Als Borussia-Fan lernt man mit den Jahren, auf vieles vorbereitet zu sein. Auf Last-Minute-Gegentore. Auf überraschende Transfers. Auf Tabellenplätze irgendwo zwischen Europa und Existenzkrise. Aber dass wir irgendwann einen Mittelstürmer mit der Rückennummer 3 und einen japanischen Mittelfeldspieler mit der 47 begrüßen würden, das hatte vermutlich selbst das berühmte Gladbacher Orakel nicht auf dem Zettel.
Willkommen im Sommer 2026.
Isac Lidberg läuft künftig mit der Nummer 3 auf. Eine Rückennummer, bei der man früher automatisch an einen robusten Innenverteidiger dachte, der Gegenspieler und Grashalme gleichermaßen umpflügt. Heute trägt sie ein Stürmer. Warum auch nicht? In Zeiten, in denen Torhüter dribbeln wie Spielmacher und Innenverteidiger mehr Pässe spielen als manche Zehner, ist eine Nummer 3 im Sturm fast schon logisch.
Und dann kommt Zento Uno.
Eine Zahl, die bislang in Gladbach ungefähr so häufig auf Bundesliga-Rasen zu sehen war wie ein Titelgewinn der deutschen Nationalmannschaft in den letzten Jahren. Der Japaner sorgt damit gleich für die nächste Premiere. Vielleicht ist die 47 ja ein gutes Omen. Vielleicht wird sie irgendwann Kult. Vielleicht fragen sich in zehn Jahren die Fans, warum niemand früher auf die Idee gekommen ist.
Die Rückennummern sind dabei fast spannender als manche Transfergerüchte.
Doch während auf dem Platz neue Gesichter kommen, sorgt abseits des Rasens eine andere Personalie für Diskussionen: Oliver Neuville.
Dass ausgerechnet Neuville den Verein verlassen muss, stößt vielen Fans sauer auf. Der ehemalige Publikumsliebling gehört zu den Gesichtern, mit denen sich Borussia-Anhänger identifizieren. Einer, der den Verein kennt, lebt und verkörpert. Umso größer ist die Verwunderung über seinen Abschied.

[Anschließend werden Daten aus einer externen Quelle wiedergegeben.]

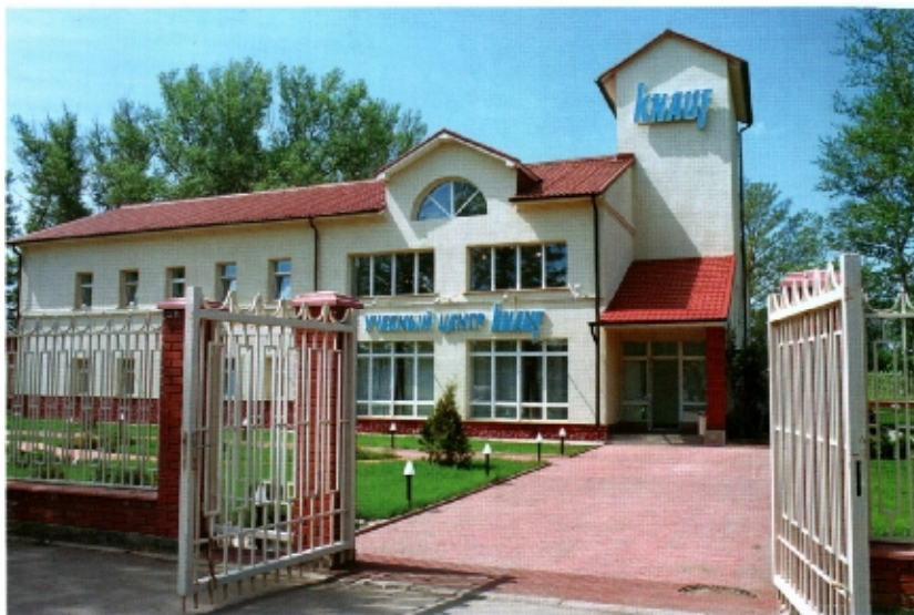
Управленческий корпус «Кнауф Гипс Новомосковск»

За 10 лет существования (1995-2005 гг.) фирма добилась впечатляющих результатов: производство гипсового камня выросло в 22 раза, гипсокартонных листов – в 100 раз, пазогребневых плит – в 10 раз.
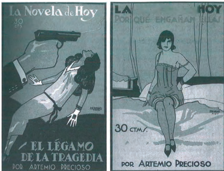
Portadas de novelas de Artemio Precioso García de los años veinte.

Con el aplastamiento de la República, su actividad democrática fue castigada por los nacionales. Fue detenido, y la petición fiscal de pena de muerte se resolvió finalmente con una condena a ocho años de prisión,
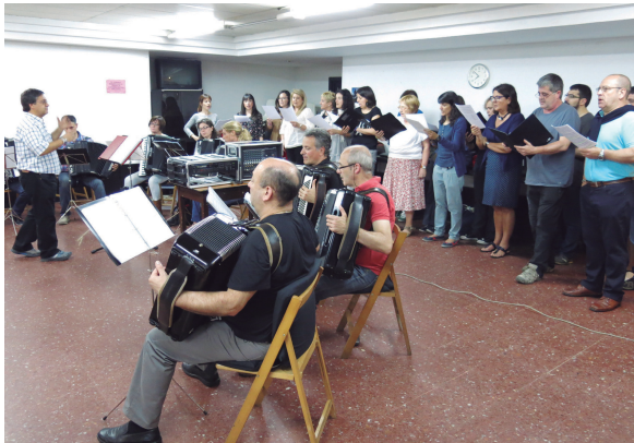
Zero Sette akordeoi orkestra eta Alboka abesbatzako kideak ostiraleko entseguan.

Usadioari jarraituz, ekainaren 23an 21:30etik aurrera ospatuko da San Joan sua Okendon.
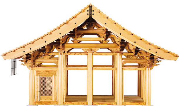
수덕사 대웅전의 측면 모습.
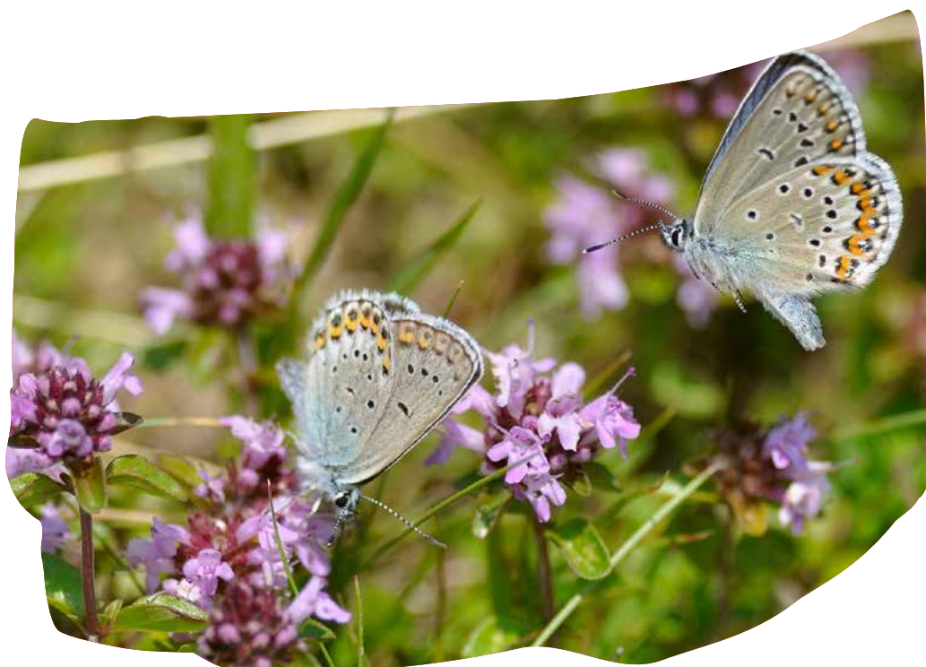
AZURÉ DU GENÊT PLEBEJUS IDAS

Remarque : aucune grande randonnée n'est programmée, mais une bonne forme physique est conseillée (dénivelé positif maximum sur une journée : 400 m). Nous progresserons toujours lentement pour observer les animaux et leurs habitats chemin faisant, mais tout ça se déroulera sur des sentiers de montagne et parfois même légèrement hors-sentier.
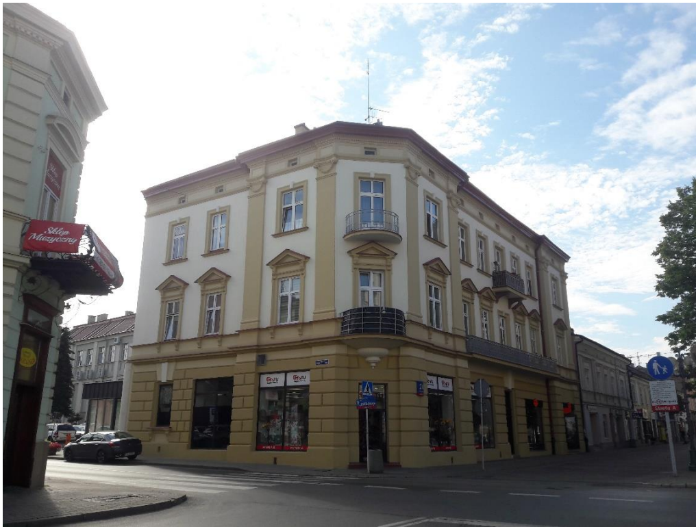
Zdjęcie 4 Kamienica przy ul. Grunwaldzkiej 24, podana pracom remontowo-konserwatorskim w latach 2021-2022, prowadzonym przez MZBM sp. z o.o.

Prace remontowe przyczyniające się do poprawy stanu technicznego i estetycznego budynków zlokalizowanych w śródmieściu Rzeszowa, w tym obiektów zabytkowych, realizowane były również w okresie sprawozdawczym zarówno przez podmioty publiczne, jak i inwestorów prywatnych. Kontynuowane były działania prowadzone systematycznie od wielu lat przez Miejski Zarząd Budynków Mieszkalnych w Rzeszowie w zakresie poprawy stanu zachowania oraz estetyki budynków mieszkalnych oraz obszarów w ich bezpośrednim sąsiedztwie, znajdujących się w zarządzie MZBM. W 2021 r. zrealizowane zostały prace przy 4 obiektach zabytkowych z terenu Miasta Rzeszów, tj. przy ul. Grunwaldzkiej 24, ul. Dąbrowskiego 81, ul. PCK 8, ul. Kreczmera 6. Wartość prac wyniosła łącznie 625 000 zł. W 2022 r. poprawiono natomiast stan techniczny bądź estetyczny 17 budynków zabytkowych, tj. ul. Grunwaldzka 24, ul. Sobieskiego 5, ul. 3 Maja 7, ul. Baldachówka 7, ul. Dąbrowskiego 75C, ul. Dąbrowskiego 85, ul. Dominikańska 6A, ul. Hetmańska 32, ul. Jagiellońska 8, ul. Jałowego 15, ul. Matejki 10, ul. Mickiewicza 17, ul. Słowackiego 8, ul. Westerplatte 3, 5, 7, 9. Wartość prac wyniosła łącznie 588 532 zł.
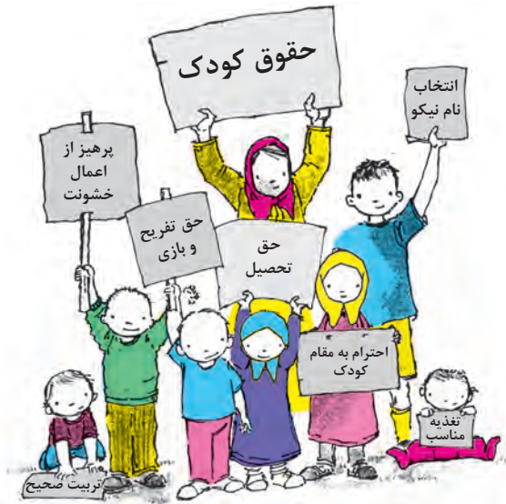
شکل ۲۰- حقوق کودکان در اسلام

اینکه این حمایت‌ها از حقوق کودکان، زمانی مطرح شده که هیچ نهاد، سازمان یا کنوانسیون بین‌المللی برای دفاع از حقوق کودکان وجود نداشته است. اسلام با در نظر گرفتن همه نیازهای اولیه جسمی، روحی و روانی کودکان و دفاع از آن، زمینه را برای رشد و پیشرفت آنان در همه جنبه‌ها فراهم آورده است (شکل ۲۰) از جمله این حقوق می‌توان به موارد زیر اشاره کرد:

Natürlich kennt niemand alle Hintergründe. Aber wenn bei Borussia seit Jahren immer wieder verdiente Mitarbeiter, Trainer oder Identifikationsfiguren verschwinden, während die sportliche Entwicklung bestenfalls schwankend verläuft, dann fällt einem zwangsläufig ein altes deutsches Sprichwort ein:
Der Fisch stinkt vom Kopf her.
Das bedeutet nicht automatisch, dass einzelne Entscheidungen falsch sind. Aber irgendwann muss sich eine Vereinsführung auch fragen lassen, warum die Unruhe regelmäßig im Umfeld entsteht, während die großen sportlichen Durchbrüche ausbleiben.
Borussia wirkt seit Jahren wie ein Verein auf der Suche nach seiner Identität. Mal wird gespart, mal investiert. Mal setzt man auf Erfahrung, mal auf Talente. Mal wird Europa ausgerufen, mal klingt alles nach Konsolidierung.
Und mittendrin stehen die Fans und versuchen herauszufinden, wohin die Reise eigentlich gehen soll.
Natürlich hoffe ich, dass Uno einschlägt, Lidberg Tore schießt und die Mannschaft eine starke Saison spielt. Vielleicht werden wir am Ende über die Nummer 47 genauso begeistert sprechen wie früher über die 11 von Netzer oder die 10 von Arango.
Aber bei aller Vorfreude auf neue Spieler bleibt die Frage bestehen, die viele Borussia-Anhänger derzeit beschäftigt:
Sind die ungewöhnlichen Rückennummern wirklich die größte Veränderung bei Borussia – oder müsste sich vielleicht an ganz anderer Stelle etwas bewegen?
Denn eines hat die Vergangenheit gezeigt: Nicht die Zahl auf dem Trikot entscheidet über den Erfolg eines Vereins. Sondern die Entscheidungen derjenigen, die im Hintergrund die Richtung vorgeben. Und genau dort wird sich zeigen, ob Borussia endlich wieder dauerhaft in die richtige Spur findet.